|September 15, 2013||Remember Five Years Ago?||no comments|
Financial services firm Lehman Brothers filed for Chapter 11 bankruptcy protection on September 15, 2008. The filing remains the largest bankruptcy filing in U.S. history, with Lehman holding over $600 billion in assets. The failure of this financial firm sent shock waves through the financial community. While the federal government allowed Lehman Brothers to go into bankruptcy, it triggered other events such as the near collapse of insurance giant American International Group (AIG) and the beginning of the Troubled Asset Relief Program (TARP). TARP was a program of the United States government to purchase assets and equity from financial institutions to strengthen its financial sector that was signed into law by U.S. President George W. Bush on October 3, 2008 as a component of the government's measures in 2008 to address the subprime mortgage crisis. This financial crisis provided impetus for the election of Barack Obama to the presidency as his rival Senator John McCain of Arizona struggled for a consistent economic message in the face of the Wall Street meltdown, saying first that the "fundamentals of our economy are strong" and then abruptly shifting to say the fundamentals are "at great risk."

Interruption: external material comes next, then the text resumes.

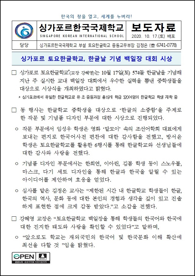 (º¸µµÀÚ·á)[½Ì°¡Æ÷¸£Çѱ¹±¹Á¦Çб³ 10.17º¸µµÀÚ·á] Åä¿äÇѱÛÇб³ Çѱ۳¯ ±â³ä ¹éÀÏÀå ´ëȸ ½Ã»ó½Ä °³ÃÖ.hwp
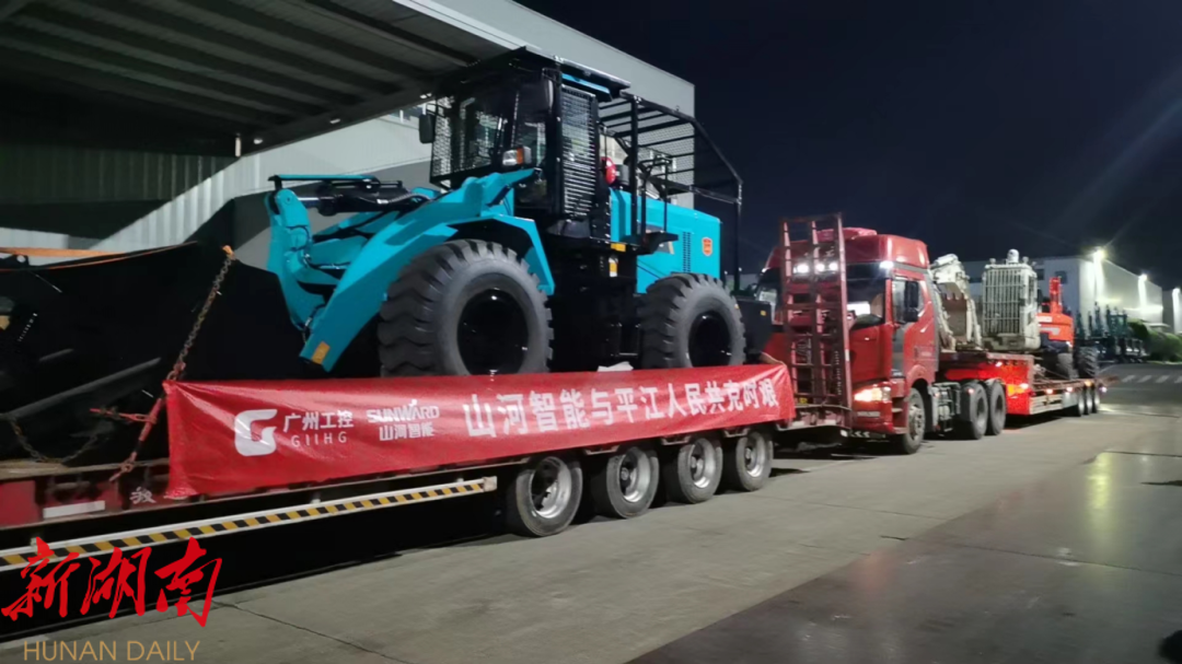 7月4日,湖南省工程机械应急救援队山河智能队紧急筹措装备物资,迅速抽调成立应急救援党员突击队,立即携遥控装载机、遥控挖掘机、复杂地形应急救援机器人、滑移装载机等7台设备,前往平江县进行排涝清淤任务。

While some people, primarily those from the political right, decried TARP as socialism it was apparent that government intervention in the financial crisis was necessary as the Dow Jones Industrial Average plunged from its record high up to that point of 14,164.43 on October 9, 2007 to 6,594.44 on March 5, 2009, a drop of more than 53%. By year end, the gross national product shrank at a rate of 6.2%.
It has been a long, slow recovery since that time and there were many bumps along the road during that time. While the people that run our financial systems indicate that the likelihood of those events repeating within our lifetimes have diminished significantly due to measures such as requiring increase liquidity in capital. However, many of the reforms that were suggested were never adopted and fewer of those measures were implemented after they were adopted. The same financial wizards that gambled with our money prior to 2008 continue with their reckless stewardship of our economy. Hopefully five years from now we will have additional perspective of both the failures and successes that occurred during this turmoil. Meanwhile, the old saying of “caveat emptor” is still as true today as it was in 2008. Good luck to all.